Slack v. McLagan, 15 Ill. 242 (1853)

Dec. 1853 · Illinois Supreme Court
15 Ill. 242

James T. Slack, Plaintiff in Error, v. Robert McLagan, Defendant in Error.

ERROR TO FULTON.

It is a sufficient defence to an action upon a note to set up a breach of a covenant of warranty in a deed of land, for the price of which the note was given.

Courts of law and equity will give relief against the frauds of a vendor of real estate, by refusing an enforcement of the contract.

The facts constituting a fraud should be set forth in a pleading.

A decree or a judgment for the purchase-money does not necessarily imply a vendor’s lien. *

All evidence tending to prove the material facts, or either of them, in adiase, is admissible, although it may not alone establish the whole case.

This was an action of debt commenced by the defendant in error against the plaintiff in error, on three promissory notes, in the Fulton Circuit Court, on the 5th of February, 1850.

The declaration contained nine special counts and the usual common counts. A general demurrer was sustained to the 3d and 6th counts, and was overruled to the 9th count.

The defendant pleaded non est factum to the first, second, fourth, fifth, seventh, and eighth counts, and offset to the same, with the addition of the ninth and common counts.

The defendant also pleaded eight special pleas, numbered from nine to sixteen, both inclusive, to the first, second, fourth, fifth, seventh, eighth, and ninth counts ; these pleas are as follows : —

1. The 9th plea avers, that the notes sued on were obtained by fraud and circumvention; in this, at the time of the execution of the notes the plaintiff and defendant were joint owners and *243partners in a steam mill; that the notes were given by the defendant for the plaintiff’s interest in the mill; the defendant assuming the payment of the debts due by the firm. As a part of the same agreement, the partnership was dissolved, and the notes executed; that the plaintiff induced the defendant to make the agreement by falsely and fraudulently representing, that the debts due by the firm did not exceed much, if any, the sum of $2,100.

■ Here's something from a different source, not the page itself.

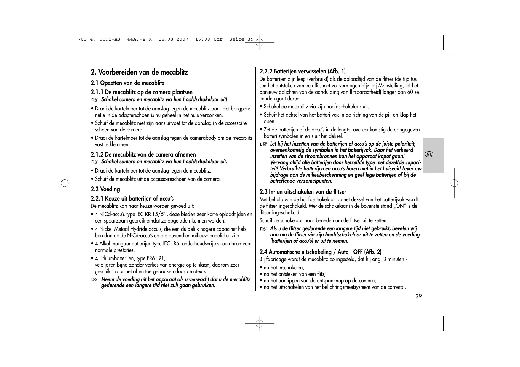 De mecabliz kan naar keuze worden gevoed uit: + ANiCd-accus type IEC KR 15/51, deze bieden zeer korte opladliden en een spaarzaam gebruik omdat ze opgeladen kunnen worden + 4 Nickel-Metaal-Hydride accus, die een duidelik hogere capaciteit heb- ben dan de de NiCd-accu's en die bovendhien milieuvriendeliker zijn + 4 Alkalimangaanbatterijen type IEC LR6, onderhoudsvrie stroombron voor normale prestaties. + 4 Lithiumbatterien, type FR6 L91, vele jaren bifna zonder verlies van energie op te slaan, daarom zeer geschikt. voor het af en toe gebruiken door amateurs. 1& Neem de voeding uit het apparaai als u verwacht dat u de mecablitz gedurende een langere tijd niet zult gaan gebruiken. A4AF-4 M 16.08.2007 16:09 Uhr Seite 39,

2. The 10th plea avers, that before and at the time of the execution of the notes sued on, the plaintiff and defendant were the owners of and partners in a certain steam mill, known as the Franklin mills; that as such they carried on business, contracting debts due to and from the firm; that in the transaction of the business the plaintiff had exclusive control of the finances and contracted all the debts, and that the defendant had the management of the mechanical part of the business, and had no knowledge of the contracts, debts, and accounts.

The plea further avers, that on the day of the date of the notes the plaintiff proposed to the defendant to dissolve the partnership; that the defendant should have all debts due the firm, pay all debts due from the firm, and that the defendant should purchase the plaintiff’s interest for the amount of the three promissory notes and execute his notes therefor, and that the plaintiff, with a design to defraud the defendant, represented falsely and fraudulently, that the debts did not exceed $2,100.

The plea then avers, that defendant was induced by this representation to accept the proposition and to execute the notes, and so charges that they were procured by fraud and circumvention.

3. The 11th plea sets up a failure of consideration, in this, that the notes were executed in consideration of the plaintiff’s interest in a certain mill, and the tract of land on which it was situated, and that at the same time the plaintiff conveyed by deed the premises to the defendant, with a covenant to warrant and defend the title to the premises against all persons whomsoever ; that the plaintiff did not have then, nor since, any legal title to the premises ; but on the contrary, the plaintiff had only a bond for a deed from one Thornton Easley, from whom the plaintiff and defendant purchased, conditional for the execution of a deed on the payment of the purchase-money.

The plea then avers that the plaintiff failed to pay the purchase-money or to procure a deed, but that the premises were sold under the order of the proper court to satisfy the debt.

4. The 12th plea sets up failure of consideration in this, the plaintiff and defendant were partners in the milling business in *244Haywood county, Tennessee; the plaintiff hired hands and made the contracts; that the defendant worked the hands and run the mill; that the defendant had no knowledge of the debts contracted except through the information of the plaintiff.

The plea then avers the same proposition and representation by the plaintiff, as stated in the 10th plea, and that the plaintiff exhibited a balance sheet showing the liabilities of the firm at $2,091.50; that the defendant under this inducement accepted the offer.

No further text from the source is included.